I would have considered the draft handbook to be of little use if we were unable to do a pen and paper analysis using its procedures on a real-world expert system of reasonable size and complexity (with computer support for matrix manipulation, solving differential equations, etc.). The expert system PAMEX: Expert System for Maintenance Management of Flexible Pavements, with 327 rules, 20 input variables and 59 qualifiers, was selected for the in-house pen and paper analysis. The results of this analysis provided insights into PAMEX and identified errors in programming that the developers and users were unaware of.
This draft handbook will also be field tested in a number of States using operational expert systems as test cases. At the end of this testing (probably in about one year), the handbook will be updated based on the results of the testing.
It will be impossible to respond directly to every comment, but be assured that every comment will be reviewed and given the consideration it deserves. Thank you in advance for your assistance.
Sincerely yours,
James A. Wentworth
EXECUTIVE SUMMARY
This handbook (MS Word 6.0 document downloadable as a pkzip file) has been prepared for the Federal Highway Administration to cover the subject of verification, validation, and evaluation of expert systems. The difficulty of performing verification, validation, and evaluation (VV&E) on expert systems is one of the major factors slowing the development and acceptance of expert systems in the transportation community. There is little agreement among experts on how to accomplish the VV&E of expert systems. The complexity and uncertainty related to these tasks has lead to the situation where most expert systems are not adequately tested. In some cases testing is ignored until late in the development cycle, always with predictable disastrous results.
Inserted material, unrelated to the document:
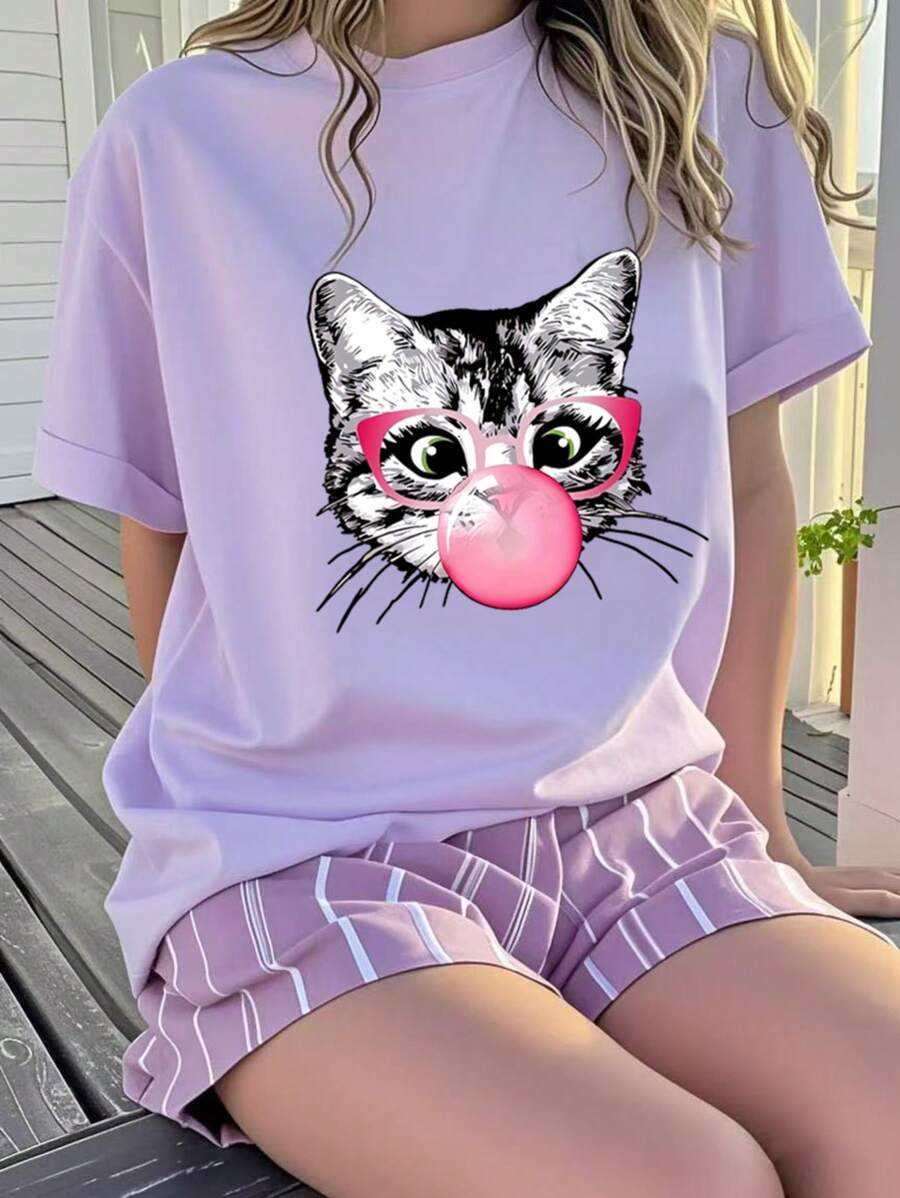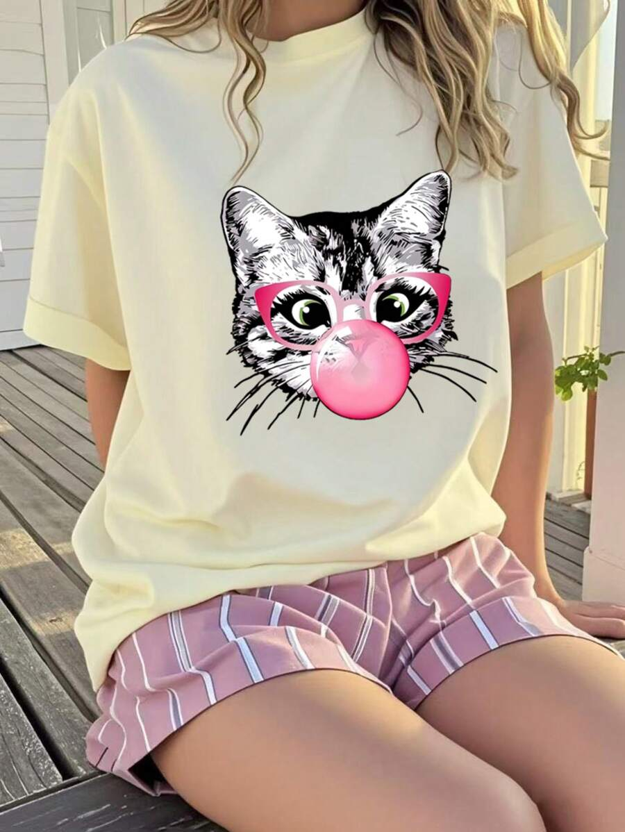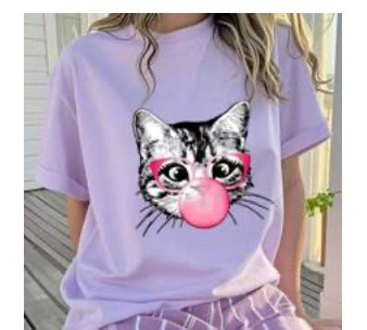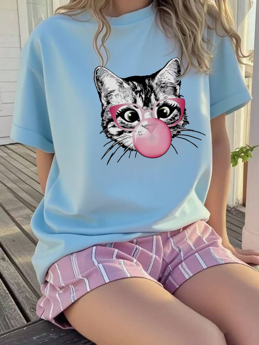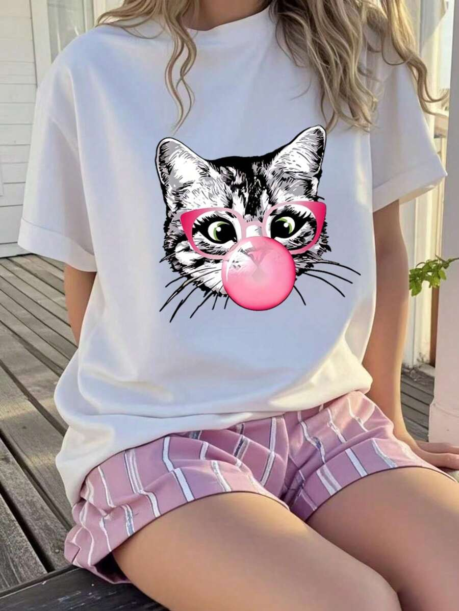 Tween Girl Casual Fun Print Round Neck Short Sleeve T-Shirt, Summer Top TG-8-12-00088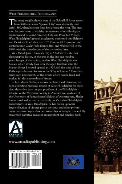 The many neighborhoods west of the Schuylkill River across from William Penn's "Quaker City" were distinctly rural until 1860, when horsecar lines first crossed the river. The area soon became home to wealthy businessmen who built elegant mansions and villas in University City and Powelton Village. West Philadelphia's growth accelerated northward into Belmont and Parkside-Girard after the 1876 Centennial Exposition and westward into Cedar Park, Spruce Hill, and Walnut Hill in the 1890s with the introduction of electric trolley lines. West Philadelphia: University City to 52nd Street is the first photographic history of the area in the last one hundred years. Images of the typical, modest West Philadelphia row houses, which slowly took over the open farmland after the Market Street Elevated opened in 1907, tell the story of how Philadelphia became known as the "City of Homes." Countless, rarely seen photographs of the streets where people lived and worked fill this extraordinary history.

This guide discusses how VV&E should be incorporated into the expert system lifecycle, shows how to partition knowledge bases with and without expert domain knowledge, presents knowledge models, presents methods for validating underlying the experts' knowledge, and presents management issues related to expert systems development and testing. Mathematical proofs for partitioning, consistency, and completeness and visualization of concepts are presented. The relevant information for this handbook came from the research efforts of a three entity task force represented by James A Wentworth of the Federal Highway Administration, Rodger Knaus of MiTech, and Hamid Aougab of RAM.
In traditional software engineering, testing [verification, validation, and evaluation (VV&E)] is claimed to be an integral part of the design and development process. However, in the field of expert systems, there is little consensus on what testing is necessary or how to perform it. Furthermore, many of the procedures that have been developed are so poorly documented that it is difficult, if not impossible, for the procedures to be reproduced by anyone other than the originator. Also, many procedures used for VV&E were designed to be specific to the particular domain in which they were introduced. The complexity and uncertainty related to these tasks has led to a situation where most expert systems are not adequately tested.
Impelled by the existing environment of lack of consensus among experts and inadequate procedures and tools, the Federal Highway Administration (FHWA) developed this guideline for expert system verification, validation, and evaluation. The guideline is needed because knowledge engineers today do not often design and carry out rigorous test plans for expert systems.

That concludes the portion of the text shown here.